What I know is that if $f_1,f_2,...,f_n,...$ are measurable functions then $\displaystyle \liminf_{n\to \infty}f_n$ is also measurable.
For the above question, I was thinking that
Let $\{x_n:n\in \mathbb N\}\subset I$ be a sequence from $I$ such that $\displaystyle \lim_{n\to \infty}x_n=t_0$. Then $\displaystyle\liminf_{t\to t_0}f_t(x)=\liminf_{n\to \infty}f_{x_n}(x)$ from the definition. And the function $\displaystyle\liminf_{n\to \infty}f_{x_n}(x)$ is measurable. So the function $\displaystyle\liminf_{t\to t_0}f_t(x)$ is measurable.
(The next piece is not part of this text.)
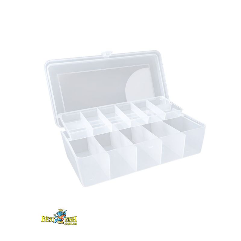 Коробка має два рівні. Коли ви відкриваєте коробку, верхній лоток висувається знизу, і ви можете покласти дрібні предмети. Прозора. Виготовлена з пластику, який витримує шкідливі сонячні промені. Розміри: 20x10x6 см.

I don't know it is true or not.
It would be very helpful if anyone checks the above.
Thank you.
An example.
Let's use $t_0 = 0$ so we are taking liminf as $t \to 0$.
Let $E \subset \mathbb R$ be a non-measurable set of cardinal $2^{\aleph_0}$.
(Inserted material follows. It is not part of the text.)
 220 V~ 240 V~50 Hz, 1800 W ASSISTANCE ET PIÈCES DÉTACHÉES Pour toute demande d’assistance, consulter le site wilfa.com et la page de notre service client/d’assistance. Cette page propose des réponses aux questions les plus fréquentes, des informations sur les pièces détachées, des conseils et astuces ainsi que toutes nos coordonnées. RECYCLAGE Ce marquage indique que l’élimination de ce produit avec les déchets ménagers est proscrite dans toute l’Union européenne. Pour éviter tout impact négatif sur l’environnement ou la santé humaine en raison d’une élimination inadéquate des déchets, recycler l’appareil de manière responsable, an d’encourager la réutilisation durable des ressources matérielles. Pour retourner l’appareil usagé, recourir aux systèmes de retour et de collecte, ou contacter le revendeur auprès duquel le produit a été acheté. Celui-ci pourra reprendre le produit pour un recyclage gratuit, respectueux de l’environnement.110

The liminf funcion $f$ will the the characteristic function of the complement of $E$.
$$ f(x) = \begin{cases} 0,& x \in E \\ 1,& x \not\in E \end{cases} $$ So $f$ will be non-measurable.
Each function $f_t$ will be $1$ except for one point, where it is $0$. $$ f_t(x) = \begin{cases} 0, &x = u_t\\1, &\text{otherwise} \end{cases} $$ so $f_t$ is measurable.
The points $u_t$ remain to be chosen.
Divide $(0,1]$ into invervals $$ I_n = \left(\frac{1}{n+1},\frac{1}{n}\right] $$ For each $n$, let the points $u_t$ be chosen so that $$ \{u_t: t \in I_n\} = E $$ Both $I_n$ and $E$ have cardinal $2^{\aleph_0}$.
Finally, we have $\liminf_{t \to 0}f_t(x) = f(x)$. Indeed, if $x \not\in E$, then $f_t(x) = 1$ for all $t$. And if $x \in E$, then $f_t(x) = 0$ for infinitely many $t$ approaching $0$ and $1$ for all other $t$.